Security: /etc/shadow Protection
The initrd stat function assigns /etc/shadow mode 0640 (not world-readable), while all other files get 0555. The VFS layer enforces an additional capability gate requiring the CAP_KIND_AUTH capability kind in the process’s capability table for /etc/shadow access on the initrd path, using byte-by-byte path comparison (no symlinks in initrd, so the path is canonical). Without this capability kind, the open returns ENOCAP (errno 130).
Read Path
Reads are zero-copy: the read callback copies directly from the kernel’s .rodata section via __builtin_memcpy.

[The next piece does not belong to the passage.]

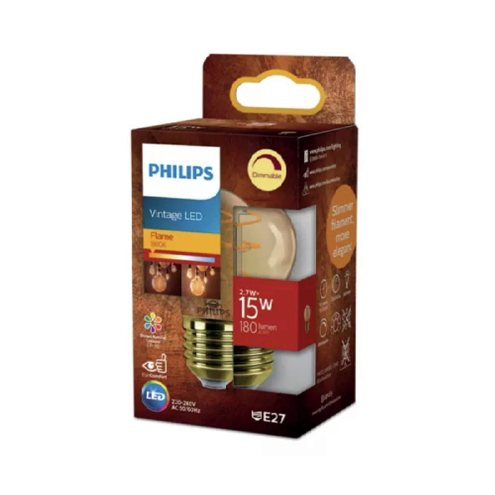 PHILIPS - Lamp - E27 - 15 W - 180 Lumens - 1800 K - Flame - Pear - Dimmable
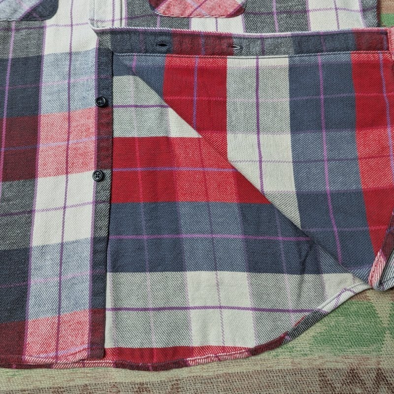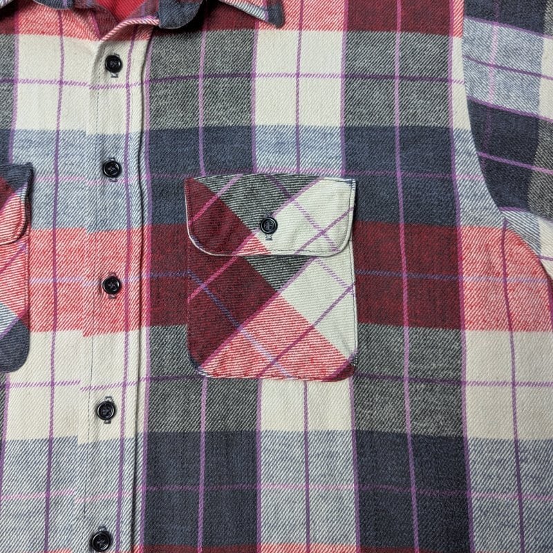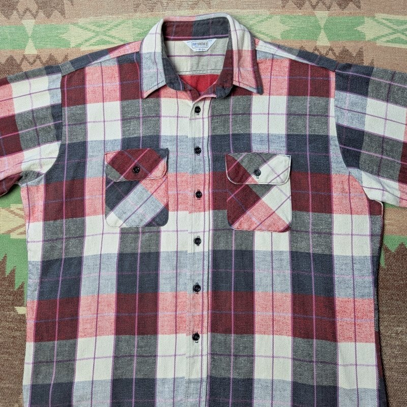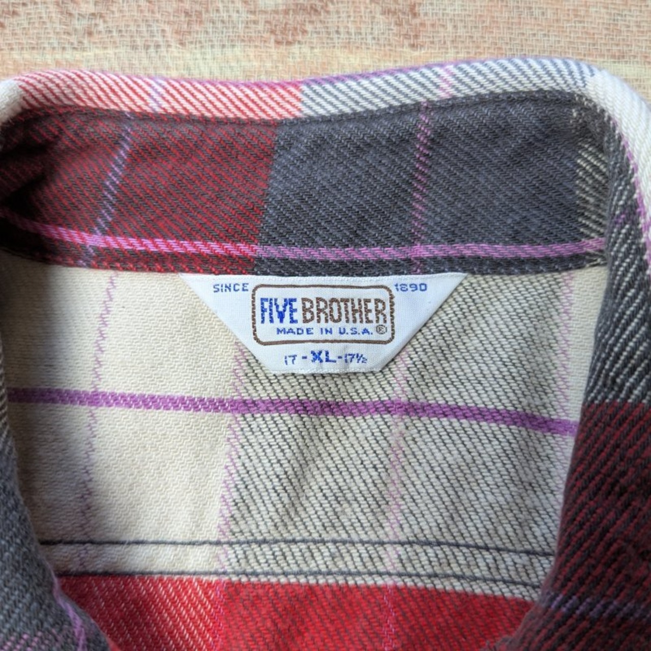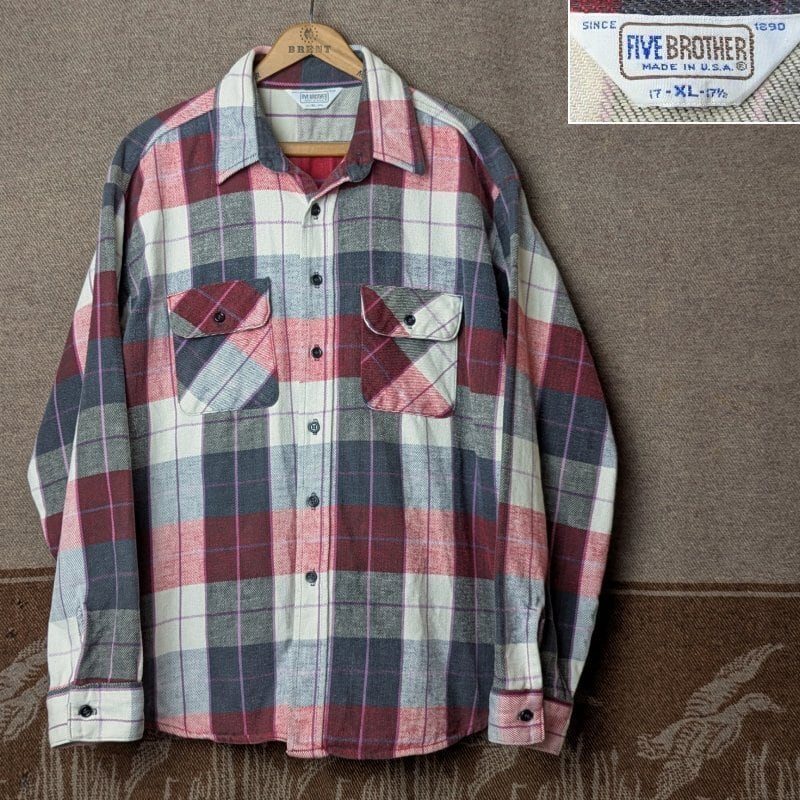 80s~ FIVE BROTHER Flannel Shirt (XL) GRAY/RED/WHITE

There is no buffer allocation or data duplication.
Console Device
Source: kernel/fs/console.c
The console is a write-only character device for /dev/console, used as stdout/stderr for user processes. It is a stateless singleton – all instances share the same ops table and priv pointer (NULL).
Output Sinks
Console output is written to three sinks simultaneously:
- Serial port (
serial_write_string) – always active - VGA text mode (
vga_write_string) – active when not in quiet mode and VGA is available - Framebuffer (
fb_putchar) – active when not in quiet mode and FB is available
The quiet mode check (printk_get_quiet()) suppresses screen output during graphical boot to prevent boot log flash before the compositor takes over.
SMAP Safety
Console write uses a 256-byte kernel bounce buffer:
char kbuf[256];
n = min(len, 256);
n = min(n, page_boundary_distance);
copy_from_user(kbuf, buf, n);
Characters are then written one at a time to each output sink to properly handle control characters (\b, \r, \n).
VFS Interface
static const vfs_ops_t s_console_ops = {
.read = console_read_fn, /* returns -ENOSYS */
.write = console_write_fn,
.close = console_close_fn, /* no-op */
.readdir = NULL,
.dup = NULL, /* stateless */
.stat = console_stat_fn, /* S_IFCHR|0600, major=5 minor=1 */
.poll = console_poll_fn, /* POLLOUT always */
};
Summary: Backend Comparison
| Backend | Mount Point | Writable | Persistent | Max Size | Required Capability Kinds |
|---|---|---|---|---|---|
| procfs | /proc/ |
No | N/A | ~4 KB/file | CAP_KIND_PROC_READ (cross-pid access) |
| ramfs | /tmp/, /run/ |
Yes | No | 4 KB/file | None |
| Pipes | Anonymous | Yes | No | 4056 bytes | None |
| memfd | Anonymous | mmap only | No | 8 MB | None |
| initrd | /, /bin/, /etc/, /dev/ |
No | Yes (ROM) | Varies | CAP_KIND_AUTH (/etc/shadow) |
| Console | /dev/console |
Write-only | N/A | N/A | None |
| ext2 | Root filesystem | Yes | Yes (NVMe) | ~48 KB writable | CAP_KIND_AUTH (/etc/shadow) + DAC |
All backends register their vfs_ops_t tables statically. There is no dynamic filesystem registration mechanism – adding a new filesystem requires kernel code changes and recompilation.